Not sure why 103189 was not added automatically.
QE: Reproduction/verification: 1. Install and setup engine 2. rm /etc/pki/ovirt-engine/ca.pem 3. engine-setup With a previous version, PKI will be regenerated (can be seen by checking files in /etc/pki/ovirt-engine ) and all hosts will be inaccessible or something like that. With a fixed version, user is prompted.
Didi, I edited doc text. If it's not OK, let me know.
I think the main change in this bug is not about allowing restoring from backup - you could do that also before. It's in prompting the user asking what to do, and defaulting to Abort, with the assumption that many users will not read it but just press Enter.
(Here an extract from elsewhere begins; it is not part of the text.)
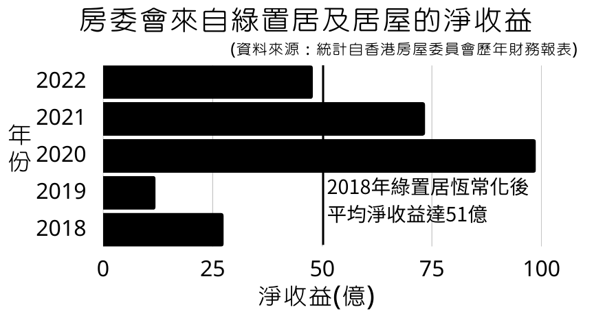 房屋委員會雖然是「公營機構」,卻是須為自己的財政自負盈虧的部門,那麼利用市場邏輯來營利成為了房委會營運不可或缺的宗旨,建成公屋就不單純是以民生作考量,也是賺錢的手段。其手中所掌握的「公營房屋」,在2018年後透過「綠置居」[8]恆常化成為可套現的資產,房委會的主要收益,居屋和綠置居的平均每年純收益達51億[9]。居屋的定價在某程度上和市價掛勾,加上自負盈虧的營利邏輯,房委會自然成為了高樓價的既得利益者之一。
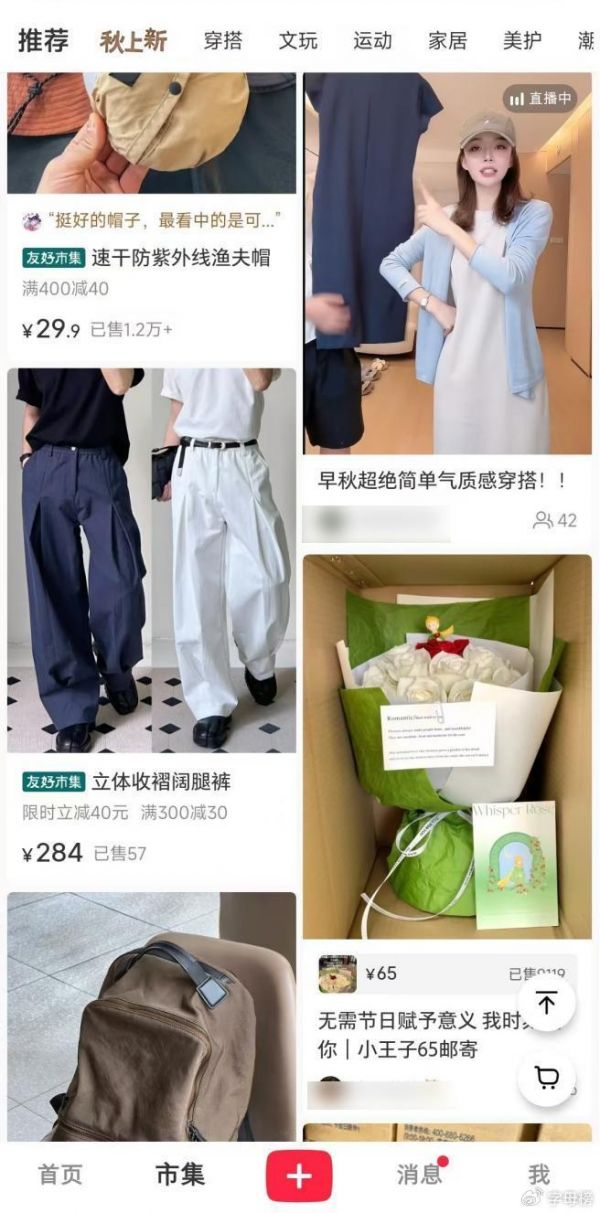 从内测形态看,“市集”的内核是标准的商城页。但差异化在于,它保留了小红书首页标志性的双列流设计,商品以场景化笔记、带货直播等形式呈现,延续了社区“逛”的体验,与传统货架电商的功能性展示形成区隔。

WARN: Bug status (ON_QA) wasn't changed but the folowing should be fixed: [Found non-acked flags: '{}', ] For more info please contact: rhv-devops: Bug status (ON_QA) wasn't changed but the folowing should be fixed: [Found non-acked flags: '{}', ] For more info please contact: rhv-devops
(In reply to Yedidyah Bar David from comment #14) > I think the main change in this bug is not about allowing restoring from > backup - you could do that also before. It's in prompting the user asking > what to do, and defaulting to Abort, with the assumption that many users > will not read it but just press Enter. So how's this: Previously, engine-setup automatically regenerated all PKI files if ca.pem was not present. Now, if ca.pem is not present but other PKI files are, engine-setup prompts you to restore ca.pem from backup without regenerating all PKI files. If if a backup is present and you select this option, then you no longer need to reinstall or re-enroll certificates for all hosts.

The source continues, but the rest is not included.